This post is part of a series by Melissa Barnes titled, “Sitting at My Savior’s Feet…A Short Devotional for Homeschool Moms.”
I nursed all my children, so when we adopted our son, I decided I wanted to attempt to breastfeed him. I knew it would be a challenge, but it sounded easier than learning to bottle feed and paying for formula. I entered the NICU where he was born, armed with my trusty nursing pillow and eleven cumulative years of nursing experience.
About five hours later I sneaked out of the hospital, ran for the car, and vowed not to attempt breastfeeding my new baby until we were in the privacy of our home…all because of “expert advice.”
Had we been left to our own devices, I suspect my son and I would have done just fine. Instead, we had a lactation consultant, a feeding specialist, and a NICU nurse all intently watching as we fumbled our way through the first feeding. These people had the best of intentions and do a great service through their work, but I left that short session with more suggestions than I could process, feeling overwhelmed, confused, and inadequate.

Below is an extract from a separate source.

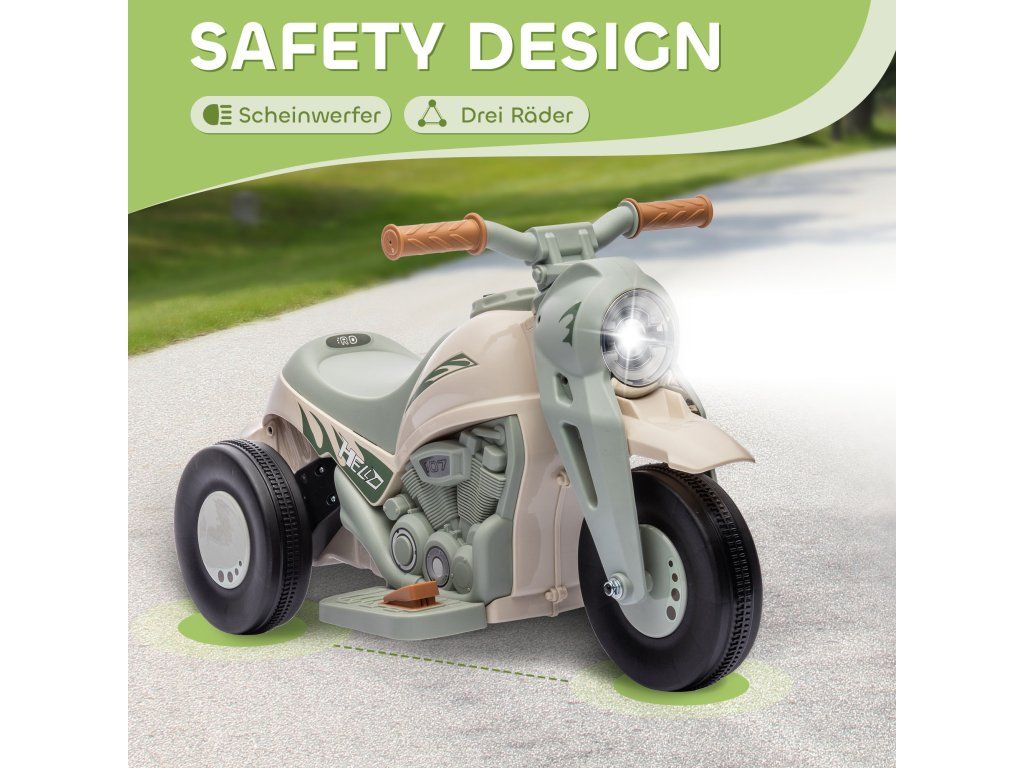 Osvětlená dobrodružství: Díky funkčnímu světlometu a třem robustním kolům nabízí tato elektrická dětská motorka bezpečné a vzrušující noční jízdy na vaší vlastní zahradě.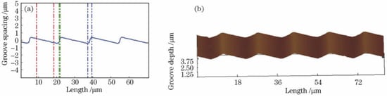 Atomic force microscopy’s contact mode is usually used to look at the profile integrity and blaze angle of convex blazed gratings [45]. Because the AFM has a small field of view, this measurement can only be done on convex gratings with a grating period of less than 100 μm. In studies [65,83], AFM was used to get a local profile of the grating, which is shown in Figure 10. This lets the grating period, blaze angle, and other parameters be measured.

I think my nursing experience is replicated far too often in the homeschooling community. Parents come to homeschooling from a variety of paths, but most begin with a degree of trepidation and uncertainty.
Can I really teach my own children?
What if I mess up?
I’ll never be able to homeschool as well as…

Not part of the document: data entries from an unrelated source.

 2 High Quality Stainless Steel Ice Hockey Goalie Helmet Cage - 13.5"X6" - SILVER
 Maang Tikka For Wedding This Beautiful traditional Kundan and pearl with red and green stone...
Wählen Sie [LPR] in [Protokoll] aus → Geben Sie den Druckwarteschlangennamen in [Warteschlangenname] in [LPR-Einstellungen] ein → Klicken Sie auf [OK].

We begin our journey, experience a little success, gain some confidence, and then—Wham! Something occurs to make us question ourselves all over again.
Much like my experience with my baby, it is often good things that cause our confidence to falter. Perhaps we read a book or attend a seminar or talk to a homeschool veteran. We get great tips, learn new methods, or hear encouraging success stories. But instead of inspiring us, they make us question our abilities or our outcomes. They leave us feeling inadequate or unequipped. We lose confidence in ourselves.
We become overwhelmed by “expert advice.”
In reality, we have forgotten our calling. We don’t homeschool because of any credentials we have earned from outside sources. Our qualifications do not come from the state or the local homeschool organization or the neighbor down the street. We aren’t successful because of any books we have read or workshops we have attended. We don’t teach because we have found the perfect curriculum or enrolled in the ultimate co-op.
Those of us who homeschool do it because God has called us to teach our children. He placed the desire in our hearts (Ephesians 4:1), gave us a scriptural mandate to teach our children (Deuteronomy 4:9, 6:6-9), and equipped us for the task (Ephesians 2:10, 2 Timothy 3:17). We don’t need our work validated by any “homeschool experts.”
Seeking wise counsel from those who are more experienced, reading a book on an area of weakness, attending a workshop for ideas and refreshment…these are all positive and helpful things for any homeschooler. But the minute you begin to feel that your homeschooling is under a microscope, that you are inadequate, or that you should not trust your own instincts about what is best for your children, PAUSE. Put the books and curriculum catalogs away. Turn off the podcasts, and stop answering the phone. Go to the throne of the One who created you and placed His children in your care. Ask Him to remind you of your calling and of His equipping, and bask in the reality that His is the only expert advice you will ever need to take.
In what ways have you allowed the “experts” to rob you of your calling to homeschool? How often do you look to outside sources for advice or validation rather than to the LORD? What steps can you take this week to direct your focus back to His word to equip you for the task of teaching your children?